Стихи домысливают ваши читатели и читательницы. Сами придумывают персонажей, характеры и истории. Ваши стихи похожи на французскую горчицу или соль в салате из свежих овощей, который читатели готовят сами… Поэтому и послевкусие отличное, каждое зёрнышко этой горчицы – взрыв удовольствия на языке.
А проза… Послевкусие напичканного специями фаст-фуда. Когда чистой воды жаждешь раньше, чем доел. Когда ощущаешь, что грязные не только твои руки, но и ты сам изнутри… А какой был удивительно вкусный запах – слабо возражаешь ты совести… Запах мужчины, который понимает женщин. Он превратился в горький дым разочарования.
И всё видится насквозь, и игра слов уже не занимает ума, и каждая последующая сцена всё скучнее и скучнее… Он сверху или сзади в доминирующей позиции)))
И дело не в отсутствии честного, не идеализированного восприятия женщин или отношения полов, не в отрицании здорового цинизма… Наверно, дело в идеализированном восприятии автора))) В авторе виделся умный, тонкий и понимающий мужчина, а обнаружился патологоанатом, умно препарирующий гениталии, которому не интересны сердце, мозг, лёгкие, язык и прочий ливер объекта…
Вы мастерски работаете со словом, но я не прочту больше ни одной вашей книги… Вы умеете говорить, но вам нечего сказать… Цитаты прочитаю ради развлечения, но запоминать не стану. Блестящий юмор, ювелирная двусмысленность, но всё слишком колется, на сердце не положишь, душу не украсишь, подрастающему сыну или дочери не преподнесёшь как жемчужину добра и мудрости…
Извините за злое слово.

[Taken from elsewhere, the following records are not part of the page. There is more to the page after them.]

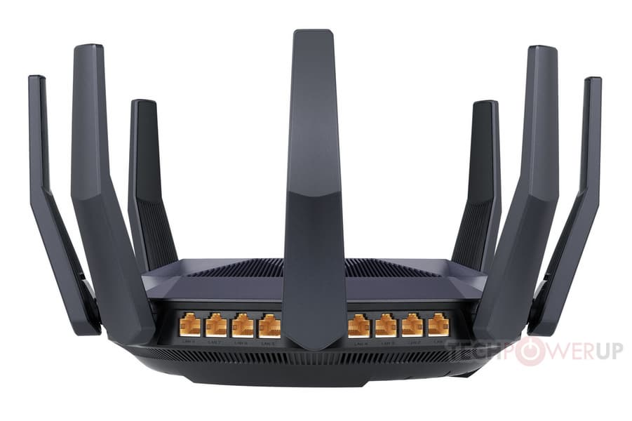 Компания Asus представила игровой маршрутизатор RT-AX89X. Устройство с восемью антеннами соответствует спецификации 802.11ax (Wi-Fi 6) и обеспечивает пропускную способность 4804 Мбит/с в диапазоне 5 ГГц и 1300 Мбит/с в диапазоне 2,4 ГГц, то есть суммарно — 6104 Мбит/с. Работая по стандарту 802.11ac, маршрутизатор обеспечивает скорости до 4333 Мбит/с в диапазоне 5 ГГц и до 1000 Мбит/с в диапазоне 2,4 ГГц. Роутер поддерживает новейшие функции безопасности, включая WPA3-Personal и WPA2-Enterprise.
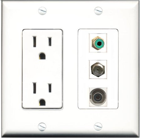 RiteAV - 15 Amp Power Outlet 1 Port RCA Green 1 Port Coax 1 Port 3.5mm Decorative Wall Plate
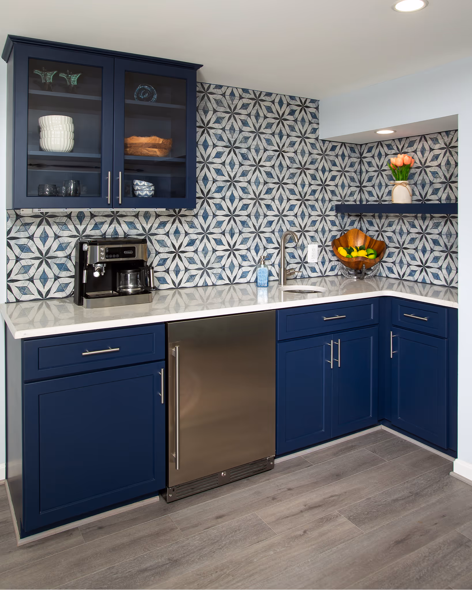 Full-service remodeling with custom cabinetry, quartz countertops, flooring, lighting, and plumbing. Featuring brands like Kraftmaid, Cambria, and Kohler.
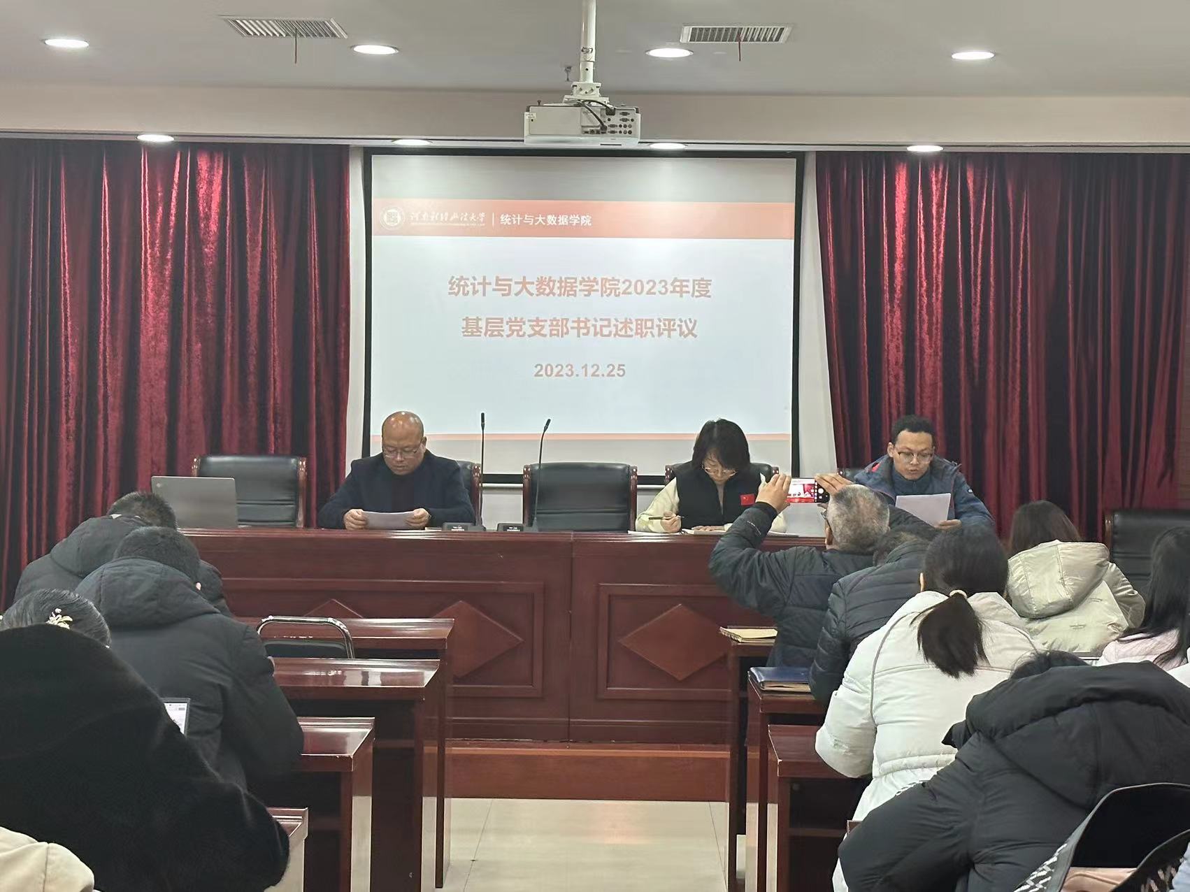 12月25日,我院于教科楼A座826会议室召开2023年度基层党支部书记述职评议大会,院党政领导班子、师生党员代表及数名群众代表参加会议。

Как известно, на вкус и цвет… Хороших вам объёмов продаж!»
– Переживаешь?
– Я мог бы тебе соврать. Художник переживает всегда, по любому поводу, даже без повода, иначе какой он творец.
– Несчастная женщина, не повезло ей, видимо, с мужиком, не познала она радости секса. Но в этом не ты виноват, и даже не она виновата, а её мужик, не привил ей вкуса к прекрасному, – взял я из вазы конфету.
– Ты виноват, – засмеялся громко Томас. – Твоих рук дело.
– Моих? – посмотрел я на свои руки и отложил в сторону развёрнутую конфету.
– Ты же книгу выпустил.
– Никогда не чувствовал себя таким виноватым, – засмеялся я в ответ.
– Да. Женщины смешны.
– Чем же они так смешны?
– Они нам верят.
– Значит, ты их обманываешь, заставляя читать свои книги, – глотнул я чаю.
– Нет, я не заставляю их читать, только чувствовать.
– Что чувствовать?
– Фальшь. Точнее сказать, фальшь их жизни. Фальшь, которую они должны уметь отличать и обходить, чтобы не купиться.
– Женщины на самом деле не так глупы, как прикидываются.
– Они не прикидываются, они влюбляются.
– Вот и я говорю, целуешь её, целуешь, сосёшь её, сосёшь, а она всё без чувств, – снова я связался со статуэткой. Взял с полки цыганку, танцующую бронзовый танец, и поцеловал в голову, поставил обратно, та закачала в знак отрицания головой. «Я понимаю, что нехорошо брать без всякого разрешения, но ведь хочется», – ответил я ей про себя.